TASK STATEMENT
Transcribe all of the records word for word, please, omitting the pictures.

━━━━━━━━━━

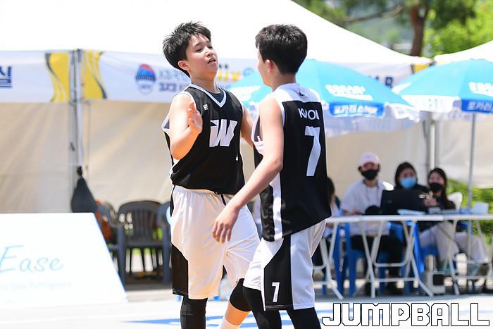 [점프볼=양구/박상혁 기자] 20일 양구청춘체육관 앞 특설코트에서 KB국민은행 LIIV m 3X3 코리아투어 IN 양구 대회가 열렸다. 초등부 팀 W가 환호하고 있다.
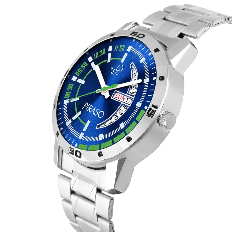 Piraso 27-BL-GN-CK Blue Dial Silver Chain Analog Watch for Men
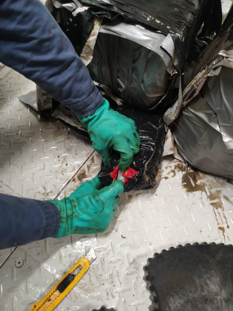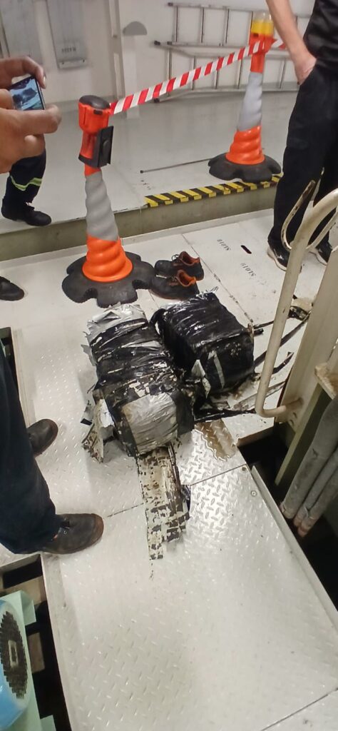 De acordo com a PF, a droga foi encontrada após a identificação de material suspeito no casco da tubulação de refrigeração. O material foi retirado e passou por testes preliminares que indicaram tratar-se de cocaína. Buscas subaquáticas também foram realizadas na tentativa encontrar mais drogas ocultas no navio.
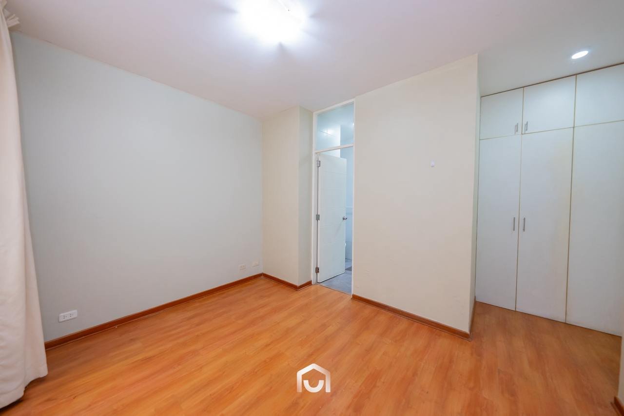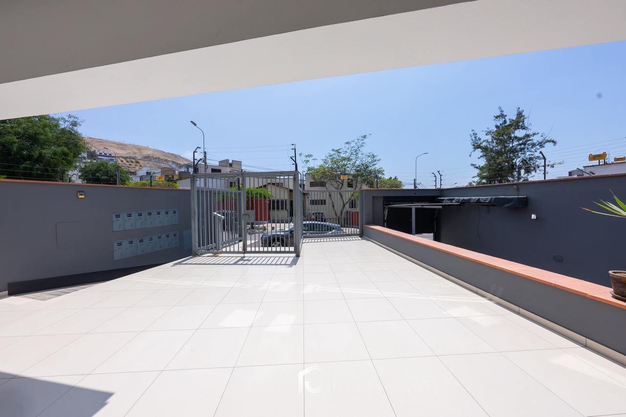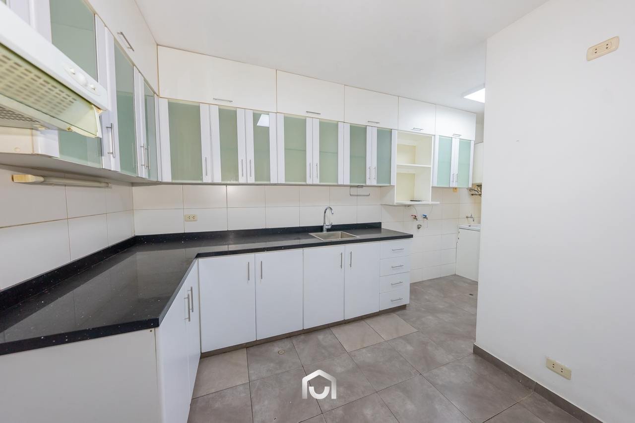 La propiedad se encuentra en el primer piso y cuenta con un área ocupada de 147.67 m² y un área techada de 131.67 m². Dispone de dos puertas de ingreso, una de ellas conectada directamente con la zona de estacionamientos. El interior presenta una sala-comedor con vista externa, dos dormitorios de buen tamaño siendo el principal con baño incorporado, un baño de visitas, así como cuarto y baño de servicio. La cocina y lavandería se integran a uno de los tres patios que forman parte del departamento, aportando ventilación e iluminación natural a los ambientes.
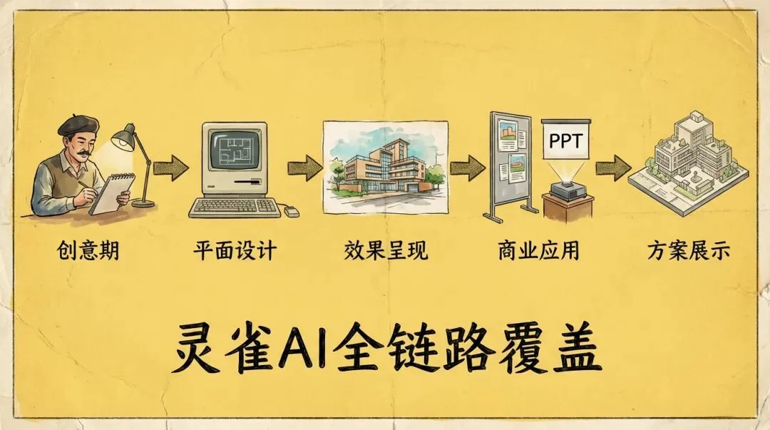 从灵感到交付,灵雀AI覆盖了设计全流程阶段。
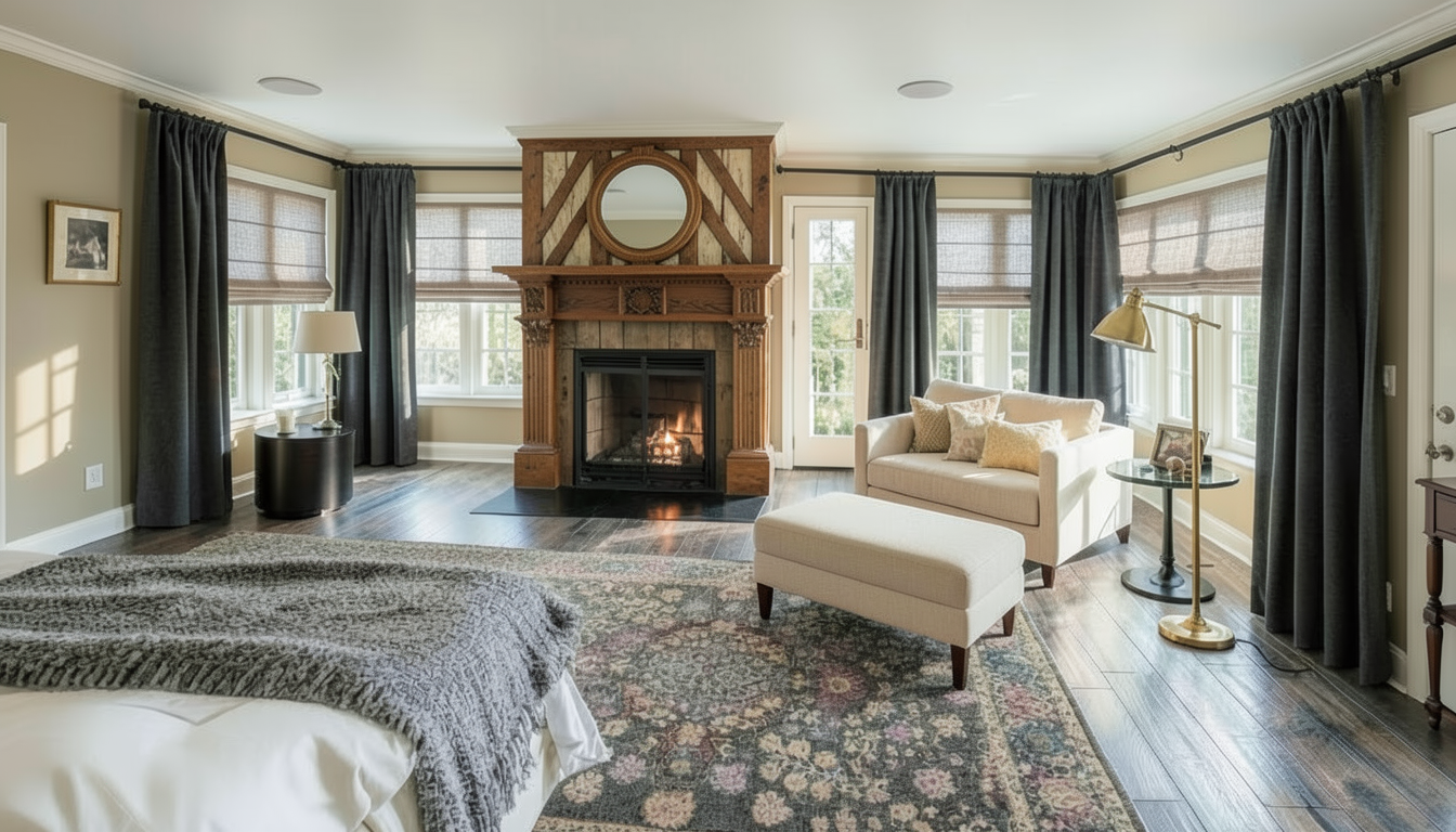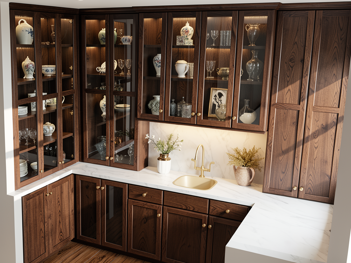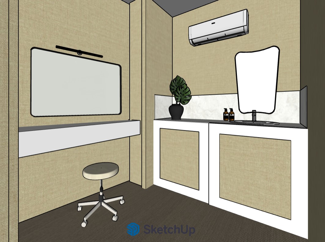 fai il render come se ci fosse la luce artificiale dall alto con faretti led luce calda a 2700 kelvin non mostrare il tetto poi la mensola di colore bianco sporco cosi come i bordi del mobile il pavimento di pvc intrecciato finedel colore che vedi e le gambe dello sgabello nella parte nera sono beige satinate come le ruote che sono pure beige il rubinetto nero satinato
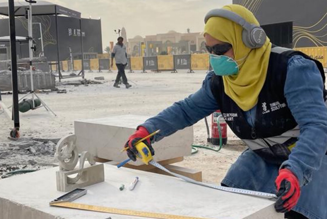 «الشافعي» شاركت بعملها الفني في ملتقى «طويق الدولي للنحت في الرياض»،

━━━━━━━━━━

ANSWER TO THIS EXERCISE
 [점프볼=양구/박상혁 기자] 20일 양구청춘체육관 앞 특설코트에서 KB국민은행 LIIV m 3X3 코리아투어 IN 양구 대회가 열렸다. 초등부 팀 W가 환호하고 있다.
 Piraso 27-BL-GN-CK Blue Dial Silver Chain Analog Watch for Men
 De acordo com a PF, a droga foi encontrada após a identificação de material suspeito no casco da tubulação de refrigeração. O material foi retirado e passou por testes preliminares que indicaram tratar-se de cocaína. Buscas subaquáticas também foram realizadas na tentativa encontrar mais drogas ocultas no navio.
 La propiedad se encuentra en el primer piso y cuenta con un área ocupada de 147.67 m² y un área techada de 131.67 m². Dispone de dos puertas de ingreso, una de ellas conectada directamente con la zona de estacionamientos. El interior presenta una sala-comedor con vista externa, dos dormitorios de buen tamaño siendo el principal con baño incorporado, un baño de visitas, así como cuarto y baño de servicio. La cocina y lavandería se integran a uno de los tres patios que forman parte del departamento, aportando ventilación e iluminación natural a los ambientes.
 从灵感到交付,灵雀AI覆盖了设计全流程阶段。
 fai il render come se ci fosse la luce artificiale dall alto con faretti led luce calda a 2700 kelvin non mostrare il tetto poi la mensola di colore bianco sporco cosi come i bordi del mobile il pavimento di pvc intrecciato finedel colore che vedi e le gambe dello sgabello nella parte nera sono beige satinate come le ruote che sono pure beige il rubinetto nero satinato
 «الشافعي» شاركت بعملها الفني في ملتقى «طويق الدولي للنحت في الرياض»،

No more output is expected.